Python at the Speed of Rust

Python at the Speed of Rust
The snake is catching up to the crab!

Python is the most popular programming language in the world. It is an extremely simple and accessible language, making it the go-to choice for developers across numerous domains. It is used in everything from introduction to computer science classes; to powering the AI revolution we're all living through.

However, Python's convenience comes with two significant drawbacks: First, running an interpreted language results in much slower execution compared to native languages like C or Rust. Second, it is incredibly difficult to embed Python-powered functions (e.g. Numpy, PyTorch) into cross-platform consumer applications (e.g. web apps, mobile).

But what if we could compile Python into raw native code?

Compiling a Toy Function

Artificial Intelligence, and particularly Large Language Models (LLMs), rely heavily on matrix multiplications.

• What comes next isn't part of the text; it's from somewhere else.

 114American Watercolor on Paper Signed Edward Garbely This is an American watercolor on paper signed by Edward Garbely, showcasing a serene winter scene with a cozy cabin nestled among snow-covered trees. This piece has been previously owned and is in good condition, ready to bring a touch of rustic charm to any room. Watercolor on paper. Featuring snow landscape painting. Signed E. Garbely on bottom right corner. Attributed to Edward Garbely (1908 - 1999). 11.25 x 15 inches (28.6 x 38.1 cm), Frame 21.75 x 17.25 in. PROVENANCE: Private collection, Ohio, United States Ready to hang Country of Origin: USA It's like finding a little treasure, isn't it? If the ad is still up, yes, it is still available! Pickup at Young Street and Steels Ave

These matrix operations, at their core, utilize a fundamental operation known as fused multiply-add (FMA):

def fma (x, y, z):
    """
    Perform a fused multiply-add.
    """
    return x * y + z

Hardware vendors like Nvidia provide specialized instructions that perform the FMA in a single step, reducing computational overhead and improving numerical precision. Given that LLMs perform billions of these operations, even minor performance variations can significantly affect overall efficiency.

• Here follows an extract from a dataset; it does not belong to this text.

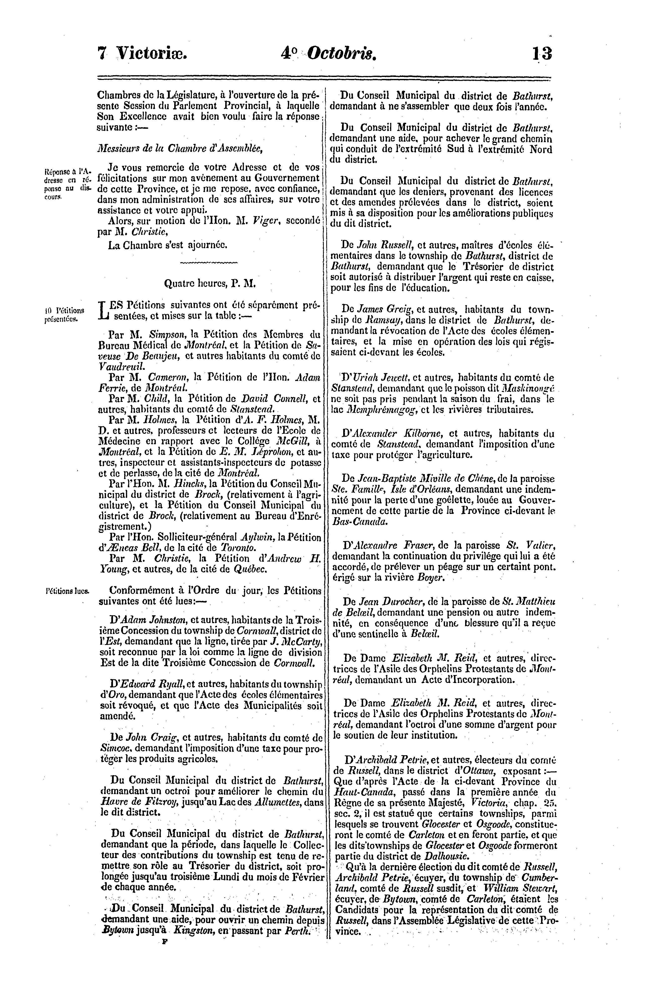 - Journaux de l'Assemblée législative de la Province du Canada, du 28 septembre au 9 décembre, de l'année de notre seigneur 1843 et dans la septième année du règne de notre Souveraine la Reine Victoria, troisième session du premier Parlement provincial du Canada : 1843

result = fma(x=3, y=-1, z=2)
print(result)
# -1

Let's explore how to compile the fma function, allowing it to run at native speed, cross-platform.

Tracing the Function

We begin by capturing all operations performed within the function as a computation graph. We call this an Intermediate Representation (IR). This IR graph explicitly represents every operation—arithmetic operations, method calls, and data accesses—making it a powerful abstraction for compilation.

To build this graph, we leverage CPython's frame evaluation API to perform Symbolic Tracing. This allows us to introspect Python bytecode execution, capturing each instruction's inputs, operations, and outputs dynamically as the function executes. By tracing each Python operation in real-time, we construct an accurate IR of the function’s logic. For example:

from torch._dynamo.eval_frame import set_eval_frame

# Define a tracer
class Tracer:

    def __call__ (self, frame, _):
        print(frame.f_code, frame.f_func, frame.f_locals)

# Set the frame evaluation handler
tracer = Tracer()
set_eval_frame(tracer)

# Call the function
result = fma(x=3, y=-1, z=2)
print(result)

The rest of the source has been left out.